We reject the defendants' position. Their printed materials (with the above-noted possible exception of the clearly insufficient attendance reports) can best be characterized as letters, summaries, opinions, and/or conclusions of the defendants and/or the Hospital's agents and employees. They clearly do not reflect an out-of-court transaction and are not "essentially undeniable" (see Siegel, Practice Commentaries, McKinney's Cons Law of NY, Book 7B, CPLR C3211:10 at 22). Thus, they are not "documentary evidence" within the intendment of CPLR 3211(a)(1).
Since the defendants' printed materials were not "documentary evidence" and they made this motion exclusively under CPLR 3211(a)(1), their submissions were insufficient as a matter of law to grant their motion. In light of that determination, we need not address the parties' remaining contentions.
We also reject the defendants' position at oral argument, i.e., that the policy considerations underlying the immunity granted to them by the HCQIA mandate that this matter be decided by their 3211(a)(1) motion to dismiss, without requiring them to wait and make a summary judgment motion.
Pursuant to CPLR 3211(c),*fn5 a party can have its motion treated as one for summary judgment (even prior to joinder) either by charting a summary judgment course or by requesting such treatment. Thus, had the defendants truly desired an expedited determination, they could have first moved to dismiss pursuant to CPLR 3211(a) and then requested that the court convert that motion to one for summary judgment under CPLR 3211(c) prior to serving an answer, since all of the papers they chose to rely on were available prior to the commencement of this action (see Mihlovan v Grozavu, 72 NY2d 506, 508; Yule v New York Chiropractic Coll., 43 AD3d 540, 541; Bowes v Healy, 40 AD3d 566; Love v Morrow & Co., 193 AD2d 586). Alternatively, the defendants could have answered and then moved for summary judgment pursuant to CPLR 3212 without waiting for any discovery.
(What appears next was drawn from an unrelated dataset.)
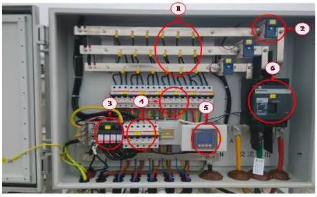 ①匯流排; ②電流互感器; ③防雷器; ④支路空開; ⑤電流/電壓表; ⑥匯流斷路器;

Instead, they chose this narrowly circumscribed and focused motion pursuant to CPLR 3211(a)(1), and thereby charted their own course. As such, they should not be heard to complain about the consequences thereof (see Nishman v De Marco, 62 NY2d 926, 929; Nissequogue Boat Club v State of New York, 14 AD3d 542, 544-545; Manning v Brookhaven Mem. Hosp. Med. Ctr., 11 AD3d 518, 522). Accordingly, the order is affirmed insofar as appealed from.
FISHER, J.P., COVELLO and DICKERSON, JJ., concur.
ORDERED that the order is affirmed insofar as appealed from, with costs.